Sem saída, muitos educadores ostentam a viseira e resistem às mudanças. Fazem um planejamento dentro das técnicas atuais e gabam-se dos métodos tradicionais e das linhas de ação que praticam por acreditarem que são as únicas que funcionam, edificando obstáculos entre os propósitos do sistema e os alvos a serem atingidos. Afinal, os planejamentos e planos de ação são elaborados, simplesmente, para cumprir as exigências burocráticas.

É nesse momento que o educador comete as maiores injustiças ao voltar-se para o vulnerável universo “aluno”, e não avaliá-lo através da competência das habilidades, do seu desenvolvimento pessoal, humano, e sim pelo nível de absorção dos conteúdos aplicados. Esse erro pode ser o primeiro passo para levar ao fracasso escolar.

Antes de avaliar, o educador deve fazer uma autoavaliação para que entenda o que é avaliar e a importância disso. Esse ato é um processo que vai além de uma nota, de aprovar ou reprovar. Avaliar é, antes de tudo, um ato de justiça com aqueles que buscam o saber e necessitam de orientação, pois o processo de avaliação pode trazer grandes surpresas e descobertas e, entre elas, conscientizá-lo de que o que sabe é nada diante do muito que tem de aprender, principalmente com seu aluno.

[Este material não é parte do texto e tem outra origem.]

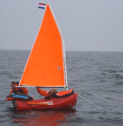 Portland Pudgy with anchor and sail.

E jamais esquecer que o grande mestre não é aquele que ensina, posiciona-se diante de uma sala de aula com pulso firme, transportando um fardo de conteúdos e experiências, mas o que aprende a cada dia, fazendo do ofício de ensinar um aprendizado constante para proporcionar, àqueles que passam sob sua regência, estrutura para crescer como cidadão e, principalmente, como ser humano.